XML:Storage of XML Data

Storage of XML Data

Many applications require storage of XML data. One way to store XML data is to convert it to relational representation, and store it in a relational database. There are several alternatives for storing XML data, briefly outlined here.

Relational Databases

Since relational databases are widely used in existing applications, there is a great benefit to be had in storing XML data in relational databases, so that the data can be accessed from existing applications.

Converting XML data to relational form is usually straightforward if the data were generated from a relational schema in the first place, and XML was used merely as a data exchange format for relational data. However, there are many applications where the XML data is not generated from a relational schema, and translating the data to relational form for storage may not be straightforward. In particular, nested elements and elements that recur (corresponding to set valued attributes) complicate storage of XML data in relational format. Several alternative approaches are available:

Store as string. A simple way to store XML data in a relational database is to store each child element of the top-level element as a string in a separate tuple in the database. For instance, the XML data in Figure 10.1 could be stored as a set of tuples in a relation elements(data), with the attribute data of each tuple storing one XML element (account, customer, or depositor) in string form.
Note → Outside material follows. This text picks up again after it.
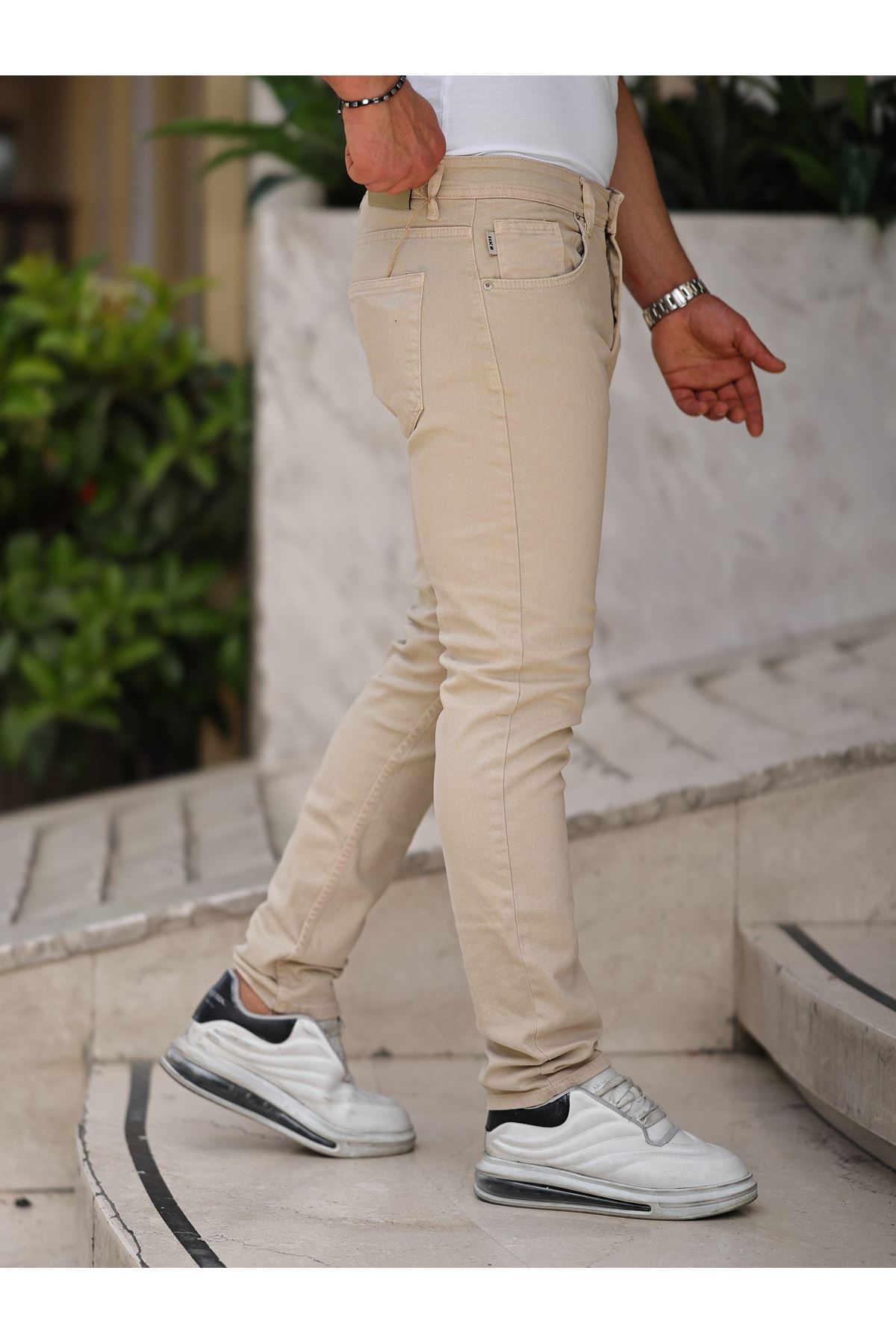 Erkek Slim Fit Likralı Denim Kot Pantolon Jean CAMEL

While the above representation is easy to use, the database system does not know the schema of the stored elements. As a result, it is not possible to query the data directly. In fact, it is not even possible to implement simple selections such as finding all account elements, or finding the account element with account number A-401, without scanning all tuples of the relation and examining the contents of the string stored in the tuple.

A partial solution to this problem is to store different types of elements in different relations, and also store the values of some critical elements as attributes of the relation to enable indexing. For instance, in our example, the relations would be account-elements, customer-elements, and depositor-elements, each with an attribute data. Each relation may have extra attributes to store the values of some subelements, such as account-number or customer-name. Thus, a query that requires account elements with a specified account number can be answered efficiently with this representation. Such an approach depends on type information about XML data, such as the DTD of the data.
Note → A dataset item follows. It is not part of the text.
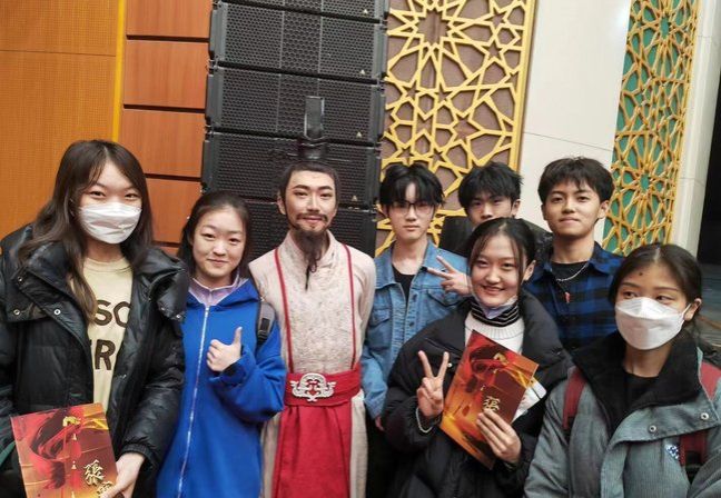 在台下的观众中,坐着陈星江的学弟学妹们,他们的眼神追逐着台上的角色张骞,也追逐着台上的舞蹈演员陈星江,这一幕也是学校最美的文化传承。演出结束后,我校学生纷纷上台和演员们合影留念。谈及观看演出的感受,大家提到最多的词便“感动”,为了张骞的不懈坚持而感动、为了千百年前的民族相亲而感动,更为今日台下各民族相聚一堂而感动。

Some database systems, such as Oracle 9, support function indices, which can help avoid replication of attributes between the XML string and relation attributes. Unlike normal indices, which are on attribute values, function indices can be built on the result of applying user-defined functions on tuples.

For instance, a function index can be built on a user-defined function that returns the value of the account-number subelement of the XML string in a tuple.

The index can then be used in the same way as an index on a account-number attribute.

The above approaches have the drawback that a large part of the XML information is stored within strings. It is possible to store all the information in relations in one of several ways which we examine next.

Tree representation. Arbitrary XML data can be modeled as a tree and stored using a pair of relations:

nodes(id, type, label, value) child(child-id, parent-id)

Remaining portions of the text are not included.